Repository to accompany "Pandas for Everyone"
The easiest way to get everything you need to the tutorial is to install anaconda
You can download and install it here: https://www.continuum.io/downloads
To download just the data, see the Data section below. Otherwise you can choose to clone this repository, or click the "Clone or Download" link above and clikcing Download Zip
conda install seaborn
There is an error in the preface of the book for installing packages. I am leaving this section here in the README to have an updated list of packages and installation instructions
You can choose to create a virtual envirionment for the packages used in the book, so it doesn't clash with other packages you plan to use later on.
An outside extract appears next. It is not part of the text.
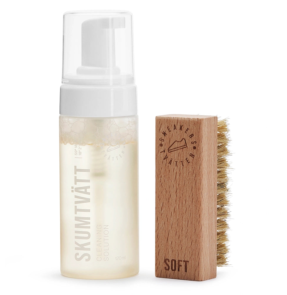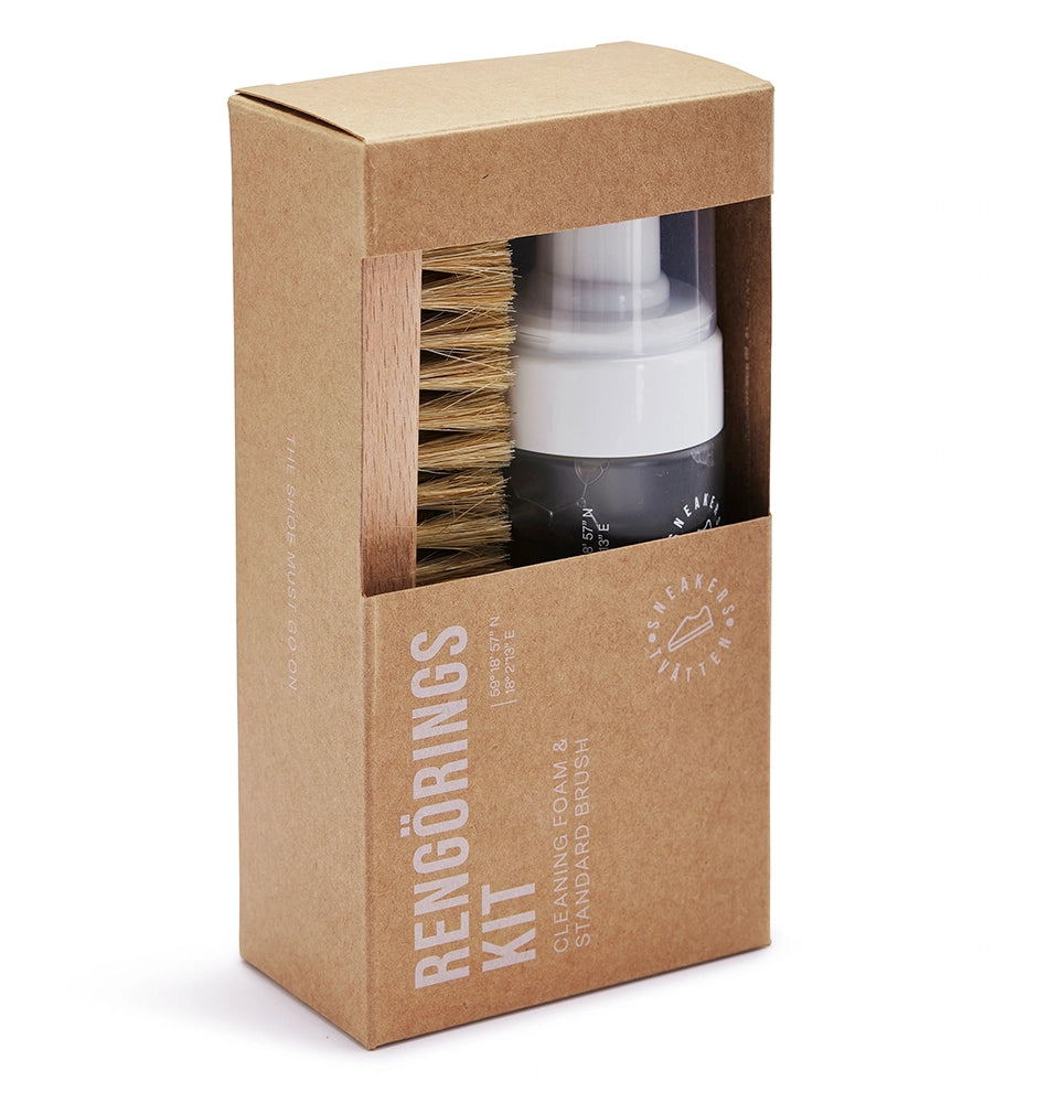 Sneakerstvättens Rengöringskit är ett praktiskt rengöringskit som innehåller Skumtvätt och en mjuk Borste. Rengöringsmedlet är ett vattenbaserat och skonsamt rengöringsskum baserat på sockerrörsextrakt, ett naturligt ämne som verkar effektivt mot fläckar, samt en praktiskt rengöringborste avsedd för skon ovandelar. PFAS-fri.

# create a virtual environment named "book" using python 3.6
conda create -n book python=3.6
# activate the environment
# so all installed packages will go in there and not mess up your base python environment
source activate book
Whether you decited to create a virtual environment or not, you can install the packages with the below commands.
If you did use virtual environments, remember to source activate book
before you follow along with the book
so the packages you installed can be loaded.
conda install pandas xlwt openpyxl seaborn numpy ipython jupyter statsmodels scikit-learn regex wget odo numba
conda install -c conda-forge pweave # you don't really need this package, it was used to build and create the book
conda install -c conda-forge feather-format
pip install lifelines pandas-datareader
You can choose to just download the datasets by using Minhas Kamal's DownGit by clicking the link here
Ongoing list of data references:
- Gapminder: https://github.com/jennybc/gapminder/raw/master/inst/gapminder.tsv
- Survey: Comes from the Software-Carpentry SQL lesson
- Ebola: www.github.com/cmrivers/ebola